The Family of Edwin Jeune
&
his Wife
Martha Jane Allen
Edwin JEUNE was born in the Parish of St Helier, on the British Channel Island of Jersey, on 4 January 1843 [although his son reported a birth date of 5 January 1842, when Edwin died in Toronto, Ontario, Canada, in 1929]. Edwin was the son of Philip & Elizabeth [nee Le VESLET] Jeune (he was the 9th of 10 children; An older child also named Edwin was born and died in St Helier in 1839). It's possible that Edwin was schooled in the seafaring arts when he was 10 or 11 (read about his application for admission to the Royal Hospital School, Greenwich, here). Edwin took up clerical work in his 20s, and by about 1874 he was working at Paspebiac, on the south shore of Quebec's Gaspe Peninsula, on the Robin & Company payroll. There he met, and on 18 November 1874, he married a girl named Martha Jane ALLEN [a daughter of Samuel William & Nancy [nee YOUNG] Allen]. Soon after marriage, Edwin & Martha moved first to Montreal, then to a mining community in Quebec's Eastern Townships, near Sherbrooke.
Three children are known from the marriage
- Annie Louisa, born in Montreal in 1876
- Aubrey Edwin Havelock, born in Montreal in 1877, and
- Katie Maud, born near Sherbrooke in 1880.
By about 1890, the family was living in Toronto, and there Annie Louisa met and married William Thomas Alexander JOHNSTON (see The Family of William Thomas Alexander & Annie Louisa [nee Jeune] Johnston).

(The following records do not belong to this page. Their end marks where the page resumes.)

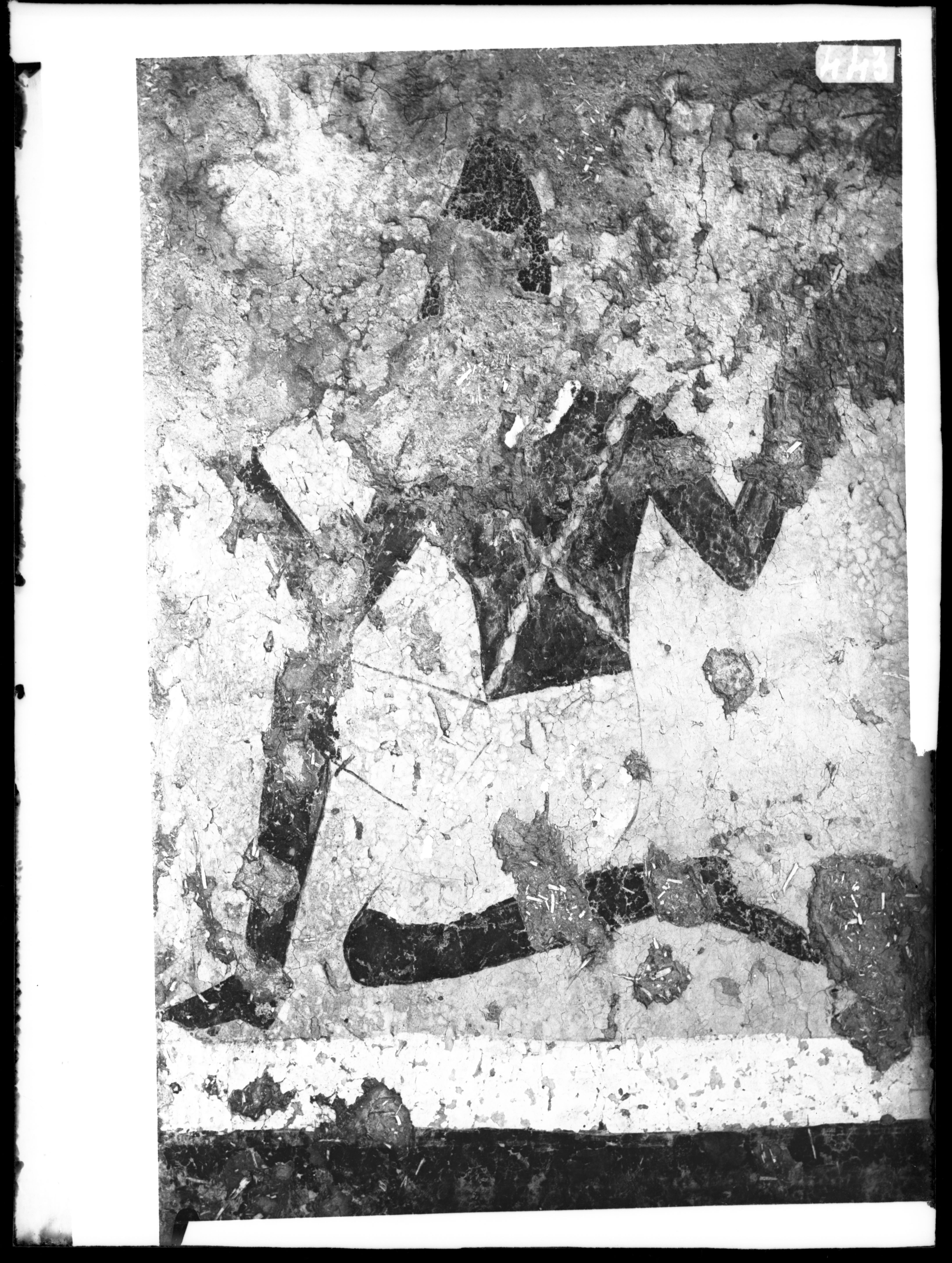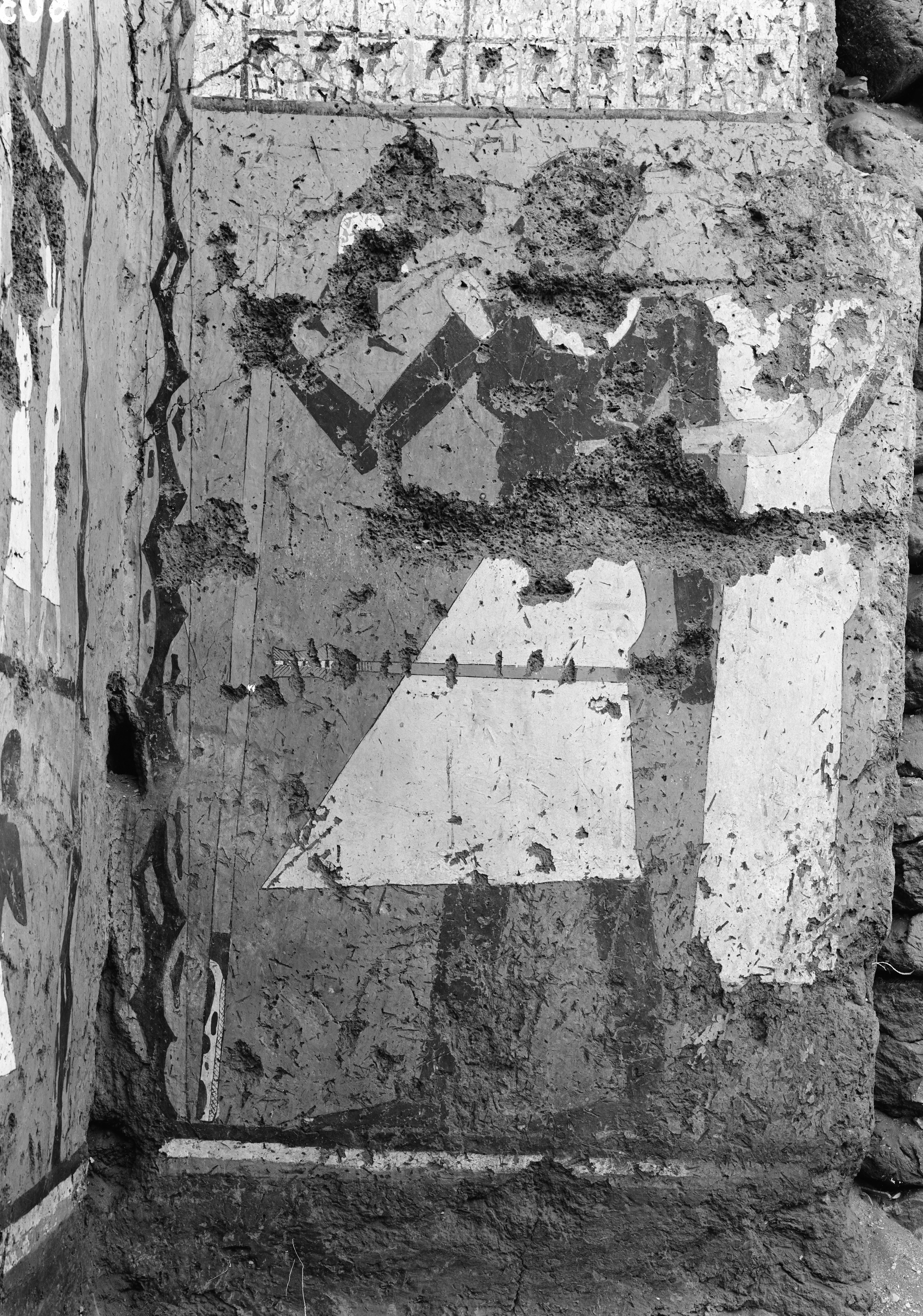 Tomb of Iti and Neferu. The facade of the tomb, protected by the long portico, had 11 openings that led into as many rooms; the stretches of wall between each opening were decorated. This photograph documents the first fragmentary painting (starting from the south), depicting some cranes. Schiaparelli excavations.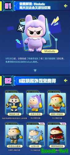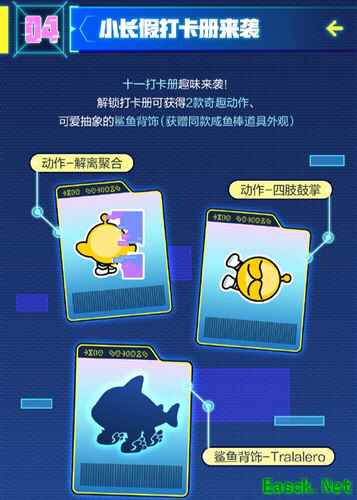 十一打卡册趣味来袭!解锁打卡册可获得2款奇趣动作、可爱抽象的鲨鱼背饰(获赠同款咸鱼棒道具外观)!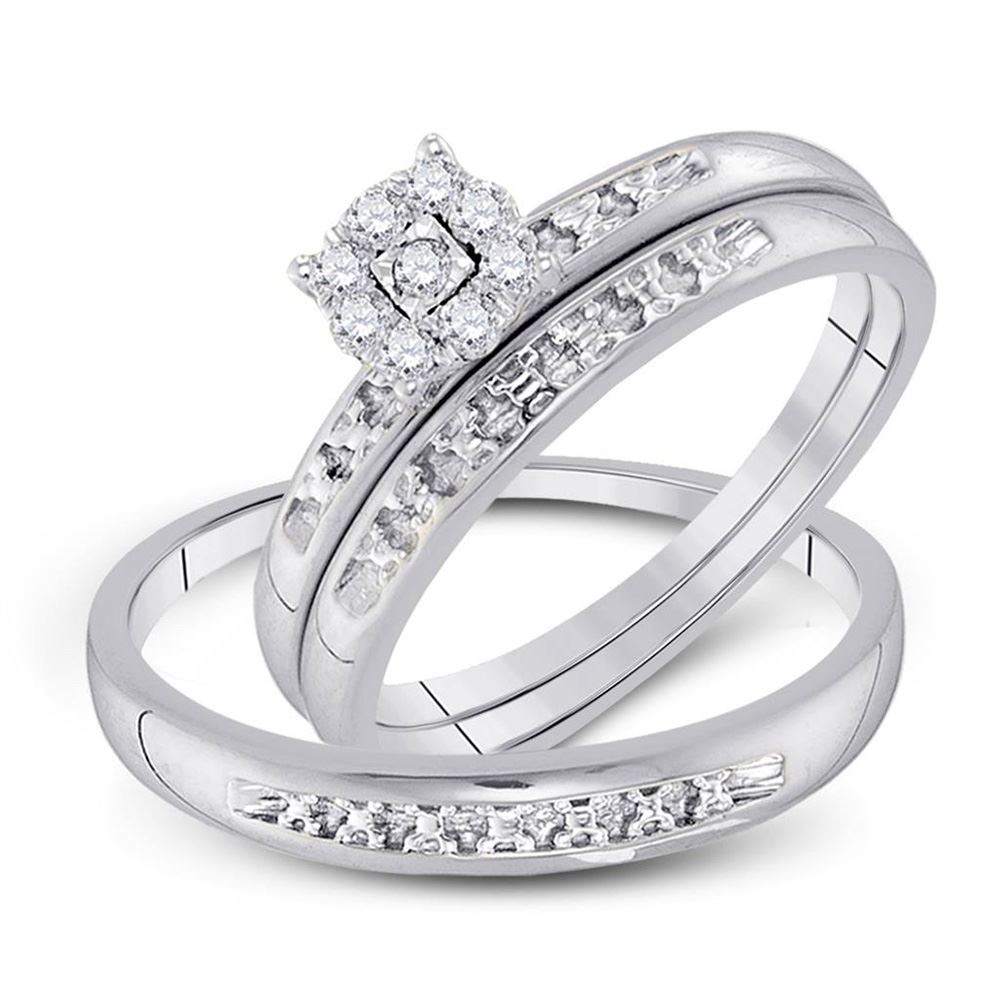 10kt White Gold His Hers Round Diamond Cluster Matching Wedding Set 1/10 CttwItem Number: GND106229Gemstone Details1/10 Carats total weight --- .01 carat center solitaire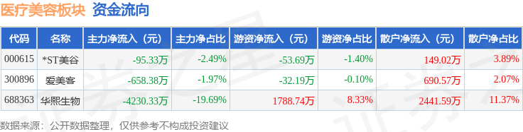 从资金流向上来看,当日医疗美容板块主力资金净流出4984.04万元,游资资金净流入1702.86万元,散户资金净流入3281.18万元。医疗美容板块个股资金流向见下表:
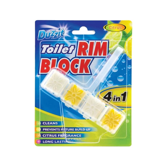 Easily clip the Duzzit 4 in 1 Citrus Toilet Rim Block onto your toilet rim, and leave your toilet clean and fresh after every flush.
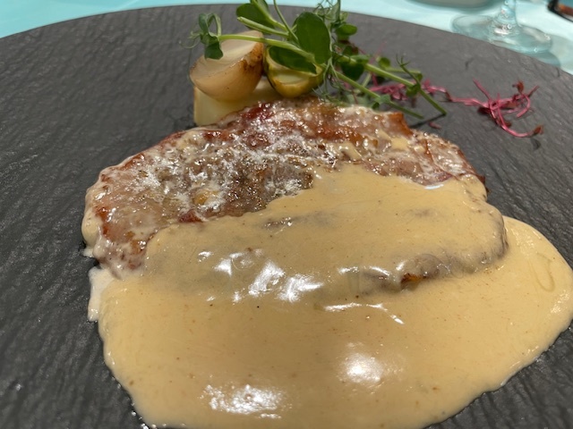 メインは仔牛ロースのソテーサルティンボッカ チーズソース。

Three photographs which show likenesses of Edwin Jeune are known, each of them which also show images of Martha Jane. Read about them here. Most of these photographs appear to have been taken in the very late 1910s or the very early 1920s. Several more photographs show likenesses of Martha Jane [nee Allen] Jeune, in the company of various other relations. Most of these appear to have been taken in the 1920s or very early 1930s. Read about them here.
Edwin was admitted to St Joseph's Hospital in Toronto early in May, 1929, and died there 3 weeks later. Martha Jane survived another six years, and died at the home of one of her granddaughters (Minnie Louise [nee Johnston] PICKARD), in an eastern suburb of Toronto (Birchcliff) in 1935.